My impression: I like Break Today – it gives a very nice intro into the organisation of Mak Attax, and provides an example of what the world of Unknown Armies should feel like. The book has a lot of details about specific people in the UA world. This means the GM runs the risk of turning the player characters into extras in the story of these movers and shakers in the Mak Attax world. On the other hand, it gives a good impression of the feel of the world of UA, and some neat resources to help you make the world of Mak Attax come alive.

A great thing about using Mak Attax is that it gives some more purpose and structure to Unknown Armies. One of my problems with the setting is that I find myself wondering what the goal is for the characters. With Mak Attax, that becomes much more obvious. Not only in that they share the common goal of Mak Attax – it also becomes much easier to develop individual goals that can mesh or conflict with those goals. It provides a great basis for a game where players are each others’ greatest allies – most of the time. At least until one of them has an opportunity to further their own goals, to the possible detriment of the others in her crew.
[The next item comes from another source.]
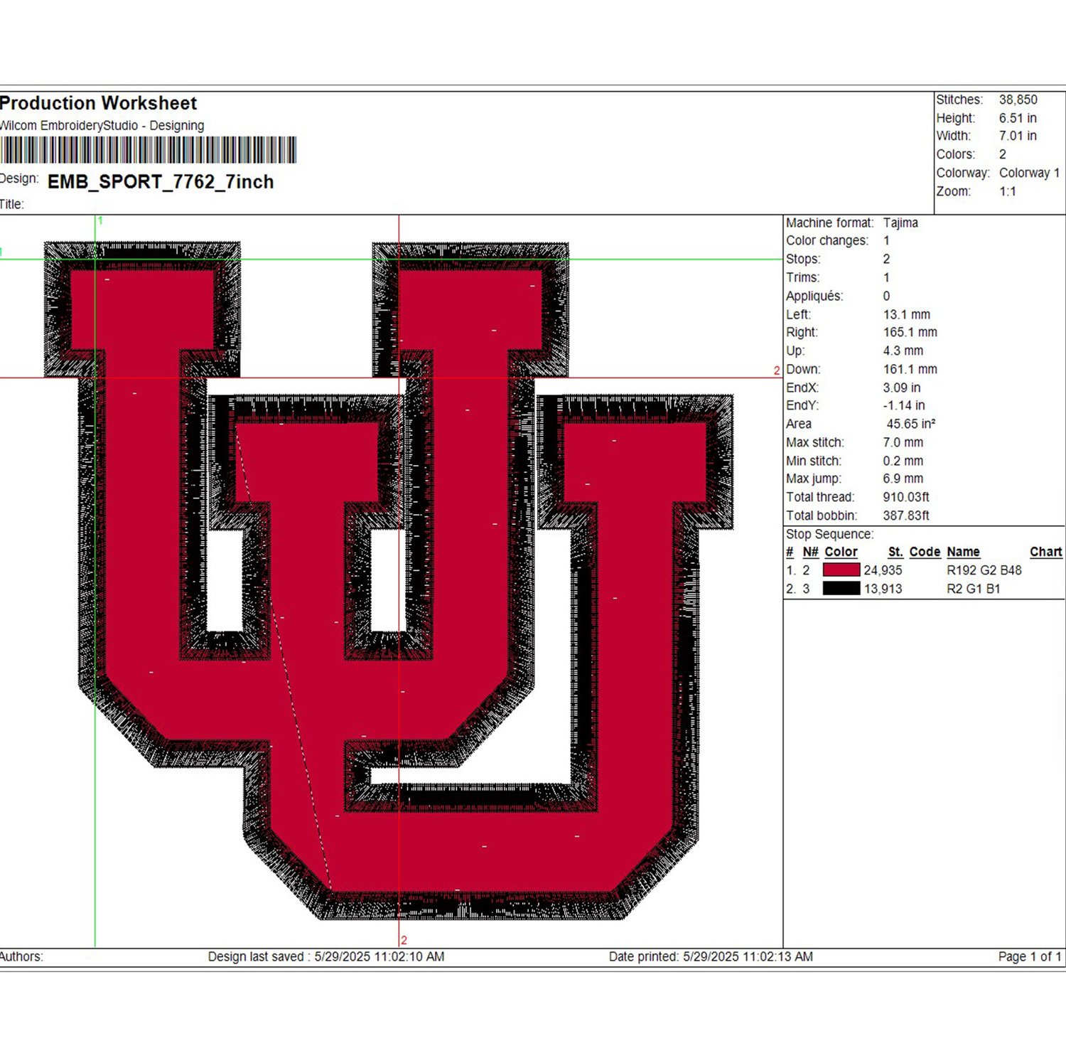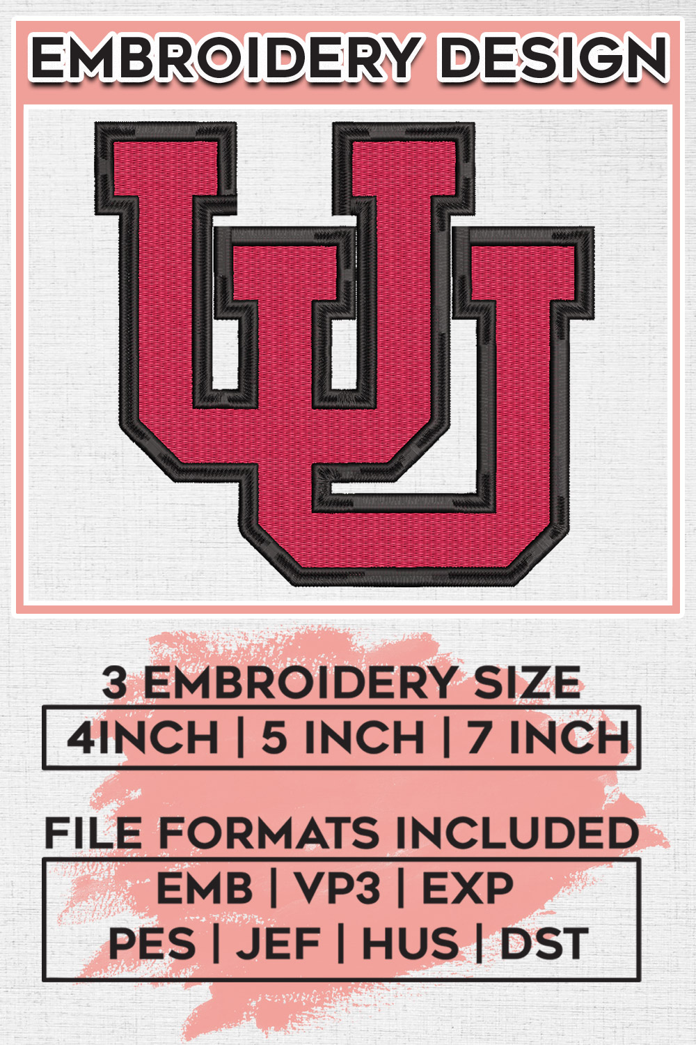 NCAA Utah Utes U letter Football Team Logo Embroidery Designs, NCAA Utah Utes Machine Embroidery Files, NCAA Logo embroidery designs, NCAA Utah Logo, Digital Download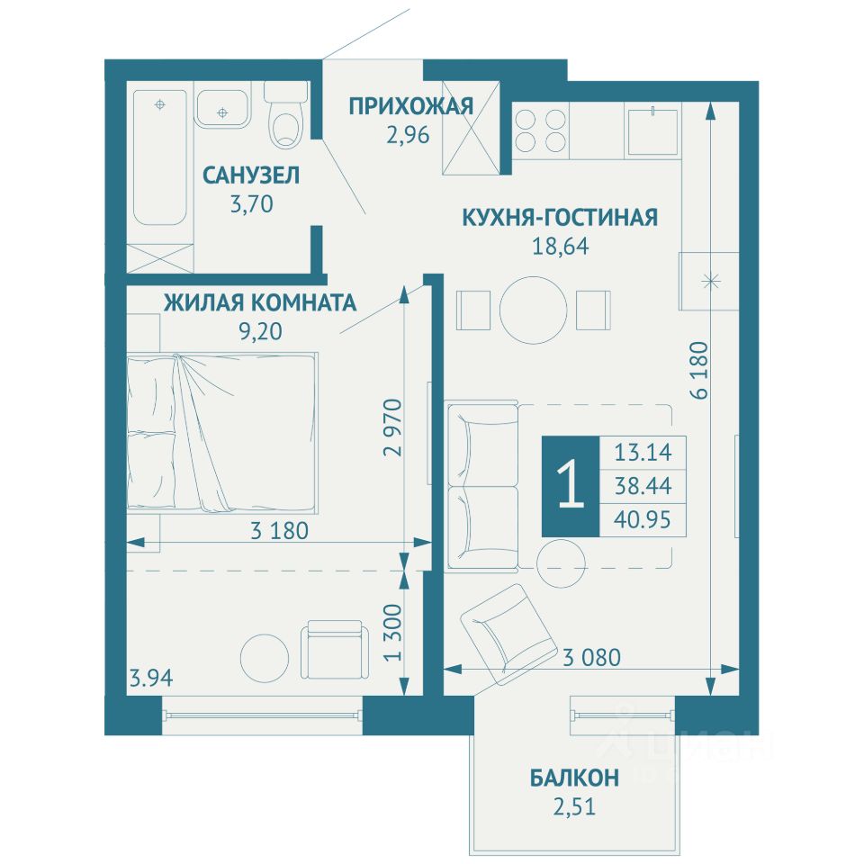 Общая площадь40,95 м2

The book has pretty good guides to starting a campaign based on a crew of Attax’ers. There is a lot of background information on Mak crews, and some advice for creating a crew that will play together. I also like the story seeds included. They vary a fair deal, providing stories for many different kinds of games, and all of them seem interesting. They’re not too detailed, but give a good basis for turning it into actual play.

On the other hand, I lack guides on creating a cohesive campaign based on Mak Attax. The book suggests stringing the story seeds together into a campaign, but that is not really what I’m after. I would like some hints on creating a campaign with an overarching plot and some good story development. That is mostly absent from the book.

Break Today is a great resource for a game of Unknown Armies, particularly if the premise of using the world’s largest – and probably most controversial – fast food chain as a vehicle for enlightenment strikes you as a fun concept to develop. It could also be a great resource for creating NPCs for a campaign not featuring a crew of Attax’ers.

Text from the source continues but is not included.